Can bitcoin and other virtual currencies ever replace “real” money?

Bitcoin and other virtual currencies have hit the headlines but can they replace traditional money? In the July 2014 economic update video for eZonomics, ING senior economist Teunis Brosens explains the three defining properties of money – and why one of bitcoin’s goals could ultimately be its undoing.


What is money?
Bitcoin is a digital currency that was launched in 2009 the value of which, as explained here, has already undergone several speculative crises as well as increasing tenfold in 2013.
When examining if bitcoin could ever replace “real” money, Brosens highlighted three defining properties of money – being a means of exchange, a unit of account, and a store of value.
“Virtual currencies may in the future tick the first box, if they are accepted more widely. But the second and third are more problematic, because the value of bitcoin is very volatile,” said Brosens.

Central banks regulate money supply
With real currencies, central banks regulate money supply and prices through interest rates.
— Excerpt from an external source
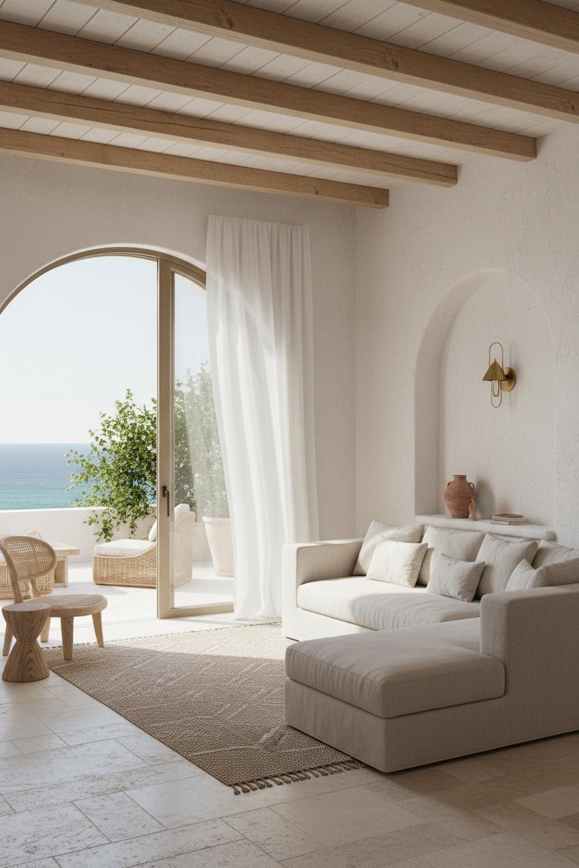 Beyond the courtyard, the loggia becomes your living room without walls. Arched openings frame the horizon while deep eaves offer shade that’s cool and cinematic. Here, linen sheer curtains drift like sails, softening sunlight and giving the breeze something to play with. Style the space with a rattan patio set layered with nubby, neutral textiles, then ground it with a limestone or jute rug for tactile comfort. The palette is quiet—bone, sand, and sea-glass greens—so the materials do the talking. This is where modern mediterranean restraint meets coastal ease: plaster, stone, wood, and woven fibers in a timeless dialogue, proof that the best luxury home ideas are often the simplest ones done beautifully.

During the global financial crisis, for example, there was quantitative easing – also known as QE or money printing – in many parts of the world, in which additional money was created with the aim of helping economies.
Bitcoin, however, comes into circulation when it is “mined” by the public, at a rate that is predetermined.
“But it is an explicit goal of bitcoin and other cryptocurrencies to do away with central authorities,” said Brosens. “This explicit goal could be bitcoin’s undoing as without a regulating authority, price and exchange rate volatility complicates its adoption as real money.”